От своих «сестер» самоходная баржа «Епифань-3» отличалась не только моторами, на ней стояла не двухэтажная, а трехэтажная надстройка – где на втором этаже были устроены четыре довольно комфортабельные (ну, по нынешним временам) каюты. Комфорт обеспечивался в том числе и наличием кондиционера. Правда, одного на все четыре каюты – его сняли с «Пассата» Михалыча – но это было куда как лучше чем без него вообще. В свое время в «Пассате» кондиционер не работал, как и все прочее – но Володя выяснил, что его неработоспособное состояние вызывалось лишь отсутствием в нем фреона. Наташа, которую попросили «привести кондиционер в чувство», весело сообщила, что «если есть плавиковый шпат и серная кислота, то изготовить пару литров дихлордифторметана вообще не проблема» – и это «не проблему» довольно быстро решила.
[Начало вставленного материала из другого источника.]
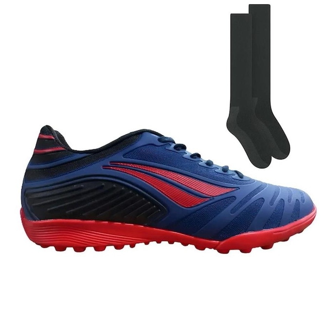 Apresentamos a fantástica Chuteira Penalty Society Matis Y-2 - Referência: 242264.6195! Projetada para os jogadores que buscam conforto, estilo e um desempenho excepcional no futebol. O cabedal sintético de alta qualidade proporciona um ajuste perfeito aos pés, oferecendo conforto e flexibilidade durante as partidas. O solado emborrachado, com travas baixas e fixas, foi especialmente desenvolvido para o futebol de sociedade, proporcionando tração e estabilidade em quadras próprias para o esporte. Com fechamento em cadarço, a Chuteira Penalty Society Matis Y-2 permite um ajuste personalizado, garantindo suporte e segurança aos seus pés durante os momentos mais intensos do jogo. A palmilha em EVA oferece amortecimento adicional, proporcionando conforto e absorção de impacto. O modelo Penalty Society Matis Y-2 apresenta um design moderno e arrojado, combinando as cores , e , que certamente irão destacar-se no campo. Essa chuteira é indicada especialmente para o futebol de society, entregando um desempenho excepcional em cada jogada, drible e chute. A língua fina e flexível proporciona liberdade de movimento, evitando desconforto ou irritações durante o jogo. O forro em material têxtil proporciona uma sensação suave e agradável ao toque, mantendo seus pés frescos e confortáveis. Referência: 242264.6195. O Meião de futebol é ideal para quer completar seu uniforme para suas partidas. Este meião foi produzido em um tecido especial de poliamida com poliéster e elastano, por isso, ele é perfeito para quem busca uma peça elástica e ao mesmo tempo extremamente leve e muito confortável. Seu design traz uma única cor, possibilitando assim, uma maior versatilidade ao montar seus uniformes. Medida Aproximada (cm): 39-43: 22x44x10 (Comprimento do Pé x Altura do Cano x Largura do Cano).ref: M0ZSBG

Ну а чтобы этот автомобильный кондиционер вообще работал, к нему приделали пятикиловаттный электромотор (по мощности сильно избыточный, но этот мотор уже серийно выпускался для станкостроителей), а на баржу поставили и отдельный генератор на «тракторном» дизеле.

Поэтому путешествие происходило именно «с комфортом». Кеней из Александрии – тот самый купец, который стремился на Голубой Нил – с некоторой опаской взошел на борт «железного корабля богинь», но уже через пару дней, видя, как остальные члены экипажа общаются с «богинями», повел себя довольно развязно. Вероятно, решил, что «не такие они уж и богини» – и думал так примерно дня два – ровно до тех пор, пока Брунн не пригласила его в каюту «побеседовать». Просто Кеней что-то проорал матросу, а тот, не поняв сказанного, попросил Брунн перевести. Бруннхильда попросила Кенея повторить, а затем – так и не переведя сказанное – выразила греку некоторое неудовольствие его поведением. Тихо и спокойно выразила: через десять минут Кеней вышел на палубу бледный и до конца путешествия вел себя тише воды, ниже травы. Лида не утерпела, поинтересовалась причиной столь быстрого приведения купца в чувство.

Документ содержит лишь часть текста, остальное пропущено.